田中 新型コロナウイルスに感染した人の治療は、指定病院と協力病院という2階建てで進められています。大まかにいって都内に15ある指定病院で重症者を受け入れ、協力病院では軽症・中等症の診療を行います。ところが、都は協力病院がどこにあって、それぞれ何床あるか公表しておらず、我々にも明らかにしていません。これでは都区の連携はできませんし、都民も何が行われているか全く分かりません。

 一方、杉並区は、医師会、病院と緊密に連携してきたので情報を共有しています。ウイルス対策用の病床がいっぱいで、感染者を救急科で受け入れたため、救急搬送を断らざるを得なくなるなどした苦しい胸の内を病院から直に聞いてきました。そこで、区民を守るために増床しようと話し合いました。既にウイルス対策用の病床がある2院に、新たに2院を加え、今後は4院で計70床ほど増やしていくつもりです。このため22億円以上の区費を投入します。

 ただし、ウイルス対策の病床を増やすと、通常の診療がダメージを受けます。病棟を一部削らなければならなくなるのに加え、風評被害も起きかねないからです。院内感染のリスクも高まります。それでも4院は立ち上がりました。時限的に半ば区営のような形にし、一丸となって対策を進めます。

――4院ではそれぞれテントやプレハブの発熱外来センターの設置が進んでいます。

「区が出すなら出さない」は理解できない

田中 感染の疑いがある人が一般の診療所を受診すると、移るかもしれないという声が上がっているので外来を集約します。4院のスタッフだけでなく、開業医にも詰めてもらいます。

 既に40人ほどが手を挙げています。感染の危険性があるのに、自分の診療所を休診にして来てくれるのです。数をこなすため、手慣れた医師にはかなりの日数詰めてもらうことになりそうです。都はこうした場合の日当として、開業医に1日当たり約3万円を補助していますが、これだけでは診療所の人件費や家賃は払えません。そこで区は1日当たり約16万円を上乗せすることにしました。

 ところが、都は「区が出すなら出さない」と言い出しました。
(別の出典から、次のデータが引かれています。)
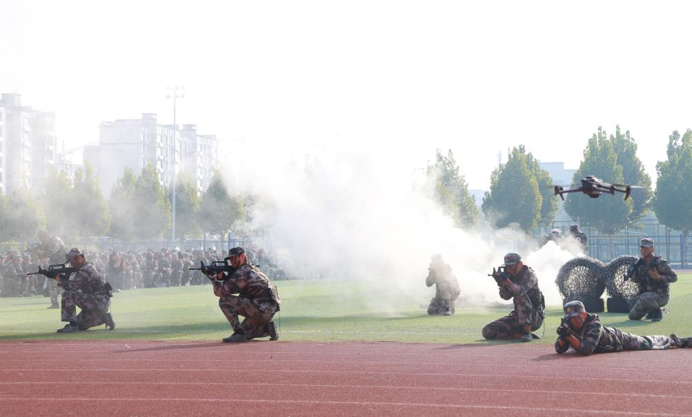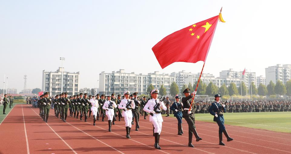 典礼在雄壮的国歌声中开始。军训汇演依次展示了女子匕首操应急棍术刺杀操综合战地救护特色表演项目进行分列式汇演,同学们精神抖擞地通过主席台接受检阅,展现出朝气蓬勃青春风貌。

医師に心置きなくウイルスと闘ってもらうためなのに、私は都の対応を理解できませんでした。そこで知恵を絞りました。都には補助を出させるべきだと考えたので、区は「休診協力金」という別名目で開業医に支出することにしました。

――感染者はさらに増加すると見られていますが、区職員もこれからはウイルスに触れる現場に出るのですか。

田中 そうなると思います。このため、せめてもの手当てとして1日4000円を超えない範囲で支給することにしました。今後は景気の悪化が見込まれ、23区でも税収減が予想されていますが、今やるべきことをきっちりやらないと、ウイルスとの闘いには勝てません。